Y Zhu, C Li, M Huhn, P Rothe, M Krause, I Bighelli, J Schneider-Thoma and S Leucht,
European neuropsychopharmacology : the journal of the European College of Neuropsychopharmacology, 2017 09
It is often stated that first-episode patients tend to respond better to antipsychotics than chronic patients, but the exact numbers and moderators of response in this population are unclear. We, therefore, present the first systematic review on response rates of first episode patients with schizophrenia in randomized trials. We searched multiple databases for randomized-controlled trials of antipsychotics in acutely ill patients with a first episode of schizophrenia (last search: November 17, 2016). The outcomes were response rate based on two criteria, at least 50% PANSS or BPRS total score reduction from baseline and at least 20% reduction.
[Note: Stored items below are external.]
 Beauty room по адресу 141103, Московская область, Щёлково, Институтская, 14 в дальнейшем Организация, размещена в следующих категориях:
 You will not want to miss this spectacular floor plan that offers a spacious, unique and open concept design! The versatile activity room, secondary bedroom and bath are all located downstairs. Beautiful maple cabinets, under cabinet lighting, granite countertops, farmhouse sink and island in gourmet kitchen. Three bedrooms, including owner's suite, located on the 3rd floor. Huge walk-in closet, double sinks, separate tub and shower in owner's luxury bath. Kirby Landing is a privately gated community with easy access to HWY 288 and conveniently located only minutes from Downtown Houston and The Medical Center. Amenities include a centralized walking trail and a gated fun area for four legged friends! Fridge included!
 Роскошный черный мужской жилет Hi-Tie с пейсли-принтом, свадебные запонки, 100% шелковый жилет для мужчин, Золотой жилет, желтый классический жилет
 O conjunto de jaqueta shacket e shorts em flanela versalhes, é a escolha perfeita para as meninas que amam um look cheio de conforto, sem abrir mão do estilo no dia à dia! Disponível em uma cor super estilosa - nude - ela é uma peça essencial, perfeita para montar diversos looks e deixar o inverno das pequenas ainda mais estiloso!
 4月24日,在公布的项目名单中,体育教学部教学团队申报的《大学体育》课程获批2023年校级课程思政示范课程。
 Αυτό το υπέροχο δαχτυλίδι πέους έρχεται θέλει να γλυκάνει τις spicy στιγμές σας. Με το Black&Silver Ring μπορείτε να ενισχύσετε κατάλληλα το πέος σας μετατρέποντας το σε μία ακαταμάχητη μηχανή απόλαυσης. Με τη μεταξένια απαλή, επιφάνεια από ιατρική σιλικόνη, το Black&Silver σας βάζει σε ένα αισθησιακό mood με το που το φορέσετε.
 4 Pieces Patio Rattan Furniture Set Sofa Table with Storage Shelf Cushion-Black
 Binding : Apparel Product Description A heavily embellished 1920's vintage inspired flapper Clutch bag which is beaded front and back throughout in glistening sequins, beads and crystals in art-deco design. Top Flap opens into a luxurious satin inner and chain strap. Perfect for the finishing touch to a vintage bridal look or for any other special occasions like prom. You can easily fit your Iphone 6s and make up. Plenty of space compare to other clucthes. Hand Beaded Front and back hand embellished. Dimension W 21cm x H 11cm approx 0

Data were pooled in a single-group summary meta-analysis using Comprehensive Meta-Analysis software. Moreover, several potential moderators of response to antipsychotics were examined by meta-regression. We included 17 studies with a total of 3156 participants. On the average, 81.3%/51.9% of the first-episode patients reached an at least 20%/50% PANSS or BPRS reduction from baseline, respectively. Meta-regressions revealed a better treatment response in female patients, in more severely ill patients at baseline, in antipsychotic naïve patients, in patients with a shorter illness duration and in open studies. Study duration and dosage were no significant moderators of response. Our finding suggest that more than 80% of first-episode patients achieved 20% PANSS/BPRS reduction from baseline and around 50% achieved a 50% PANSS/BPRS reduction. Several patient characteristics moderated response rates.